Through a previous CIRA grant in 2019, the Mamawapowin Technology Society was able to strengthen the do-it-yourself network they built to serve Samson Cree Nation in central Alberta. With this year’s support, the organization will expand its network to the nearby, 2,500-person community of Ermineskin Cree Nation.

CIRA’s Community Investment Program provides grants to fund innovative community internet projects to build a resilient, trusted and secure internet for all Canadians. Since 2014, CIRA has provided $9.2 million for 185 projects across Canada.

Key Facts
Here is how this year’s list of 14 grant recipients breaks down:

8 (57 per cent of) funded projects benefit Indigenous communities
5 (35 per cent) benefit northern communities in Ontario, Saskatchewan, and BC
4 (28 per cent) benefit residents living in rural communities
6 (43 per cent) are primarily focused on serving students
This year’s areas of focus are digital literacy, infrastructure, cybersecurity and community leadership.
2021 Community Investment Program Grant Recipients
Alberta
Mamawapowin Technology Society (MTS) | Infrastructure

MTS will build on its existing network in Samson Cree Nation to bring high-speed, reliable connectivity to the neighbouring, 2,500 person Ermineskin Cree Nation.

British Columbia
First Nations Technology Council (FNTC) | Community Leadership

The FNTC will co-create a Digital Equity Roadmap for leaders in First Nations communities to mobilize their communities towards achieving digital equity in 6 areas: connectivity and infrastructure, policy and legislation, skills development, employment and business development, tech and innovation leadership, and governance and self-determination. 

Great Bear Initiative Society (Coastal First Nations) | Infrastructure

The Connected Coastal Nations project seeks to leverage federal and provincial funding to support Coastal First Nations community-owned ISPs to deliver high-speed internet throughout the region. CIRA funding will cover 10% of funding required to increase the network performance among Nations to reach the CRTC’s basic service objective of 50 megabits per second (Mbps) download speed, 10 Mbps upload.
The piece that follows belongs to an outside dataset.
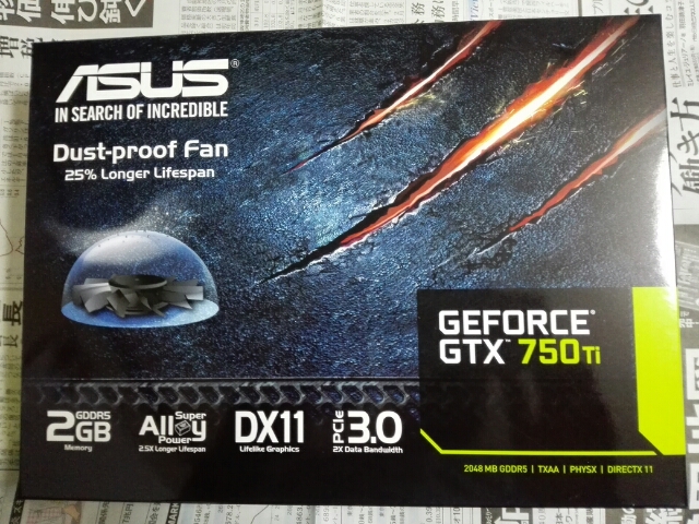 ちょこちょこパソコンのパーツを換えていっていますが、今回、新たにグラボを買いました(写真)。前回のCPU換装と合わせてPentium G3220+GTX650 → Pentium G3258+GTX750Tiとなり、私の用途ではかなり快適になります。負荷時のテレビ視聴のカクつきはある程度改善されていましたが、これで盤石の体制になるはずです。

Tsilhqot’in National Government (TNG) | Infrastructure

TNG, I-Valley, and Rock Networks have partnered to assess, design, and implement a cellular and broadband network in the Tsilhqot’in Nation. This project would create a working pilot to provide the foundation for a Tsilhqot’in owned and managed network and identify next steps for development. 

British Columbia Civil Liberties Association | Digital Literacy

BCCLA will create lesson plans, fact-sheets, and informative videos to provide Canadian youth ages 14-24 with an understanding of their digital rights on smartphones in relation to state entities, such as what law enforcement can use from their smartphones during an investigation. 

Minto Communications Society | Infrastructure

Minto Communications Society will invest in broadband last-mile access infrastructure to improve service speeds and capacity limits for the existing network in Bridge River Valley. 

Ontario
CatalystsX Network Communities Inc. | Digital Literacy

CatalystsX will create a toolkit of resources to meet the unique digital literacy needs of four northern First Nations Communities to help their community members and business owners (a) develop digital literacy skills, (b) adopt remote working technologies, and (c) advocate for needed infrastructure.

Long Lake #58 First Nation | Cybersecurity

This project is a part of LL58’s Communications Connection & Security project. It will ensure that LL58 has a secure internet infrastructure to avoid cyber-attacks and protect data, develop an internet and information security policy to provide proper governance to their information assets, and provide internet security training to administration staff and community members on the safe use of the internet and governance policies of the administration.

McMaster University, Indigenous Student Services | Infrastructure

This project will create a pilot ‘pop-up’ Learning Hub in Six Nations of Grand River to provide Indigenous post-secondary students at McMaster University, Mohawk College, and Six Nations Polytechnic with a local, off-campus site to access secure, high-speed internet and connect with student support staff. 

Canadian Association of Journalists | Digital Literacy

The CAJ will provide 13 training sessions (one in each province/territory) to post-secondary students and create a research guide and practical handbook on how to detect misinformation and disinformation online. Their goal is for the national guide to become a gold standard for detecting and combatting misinformation and disinformation. 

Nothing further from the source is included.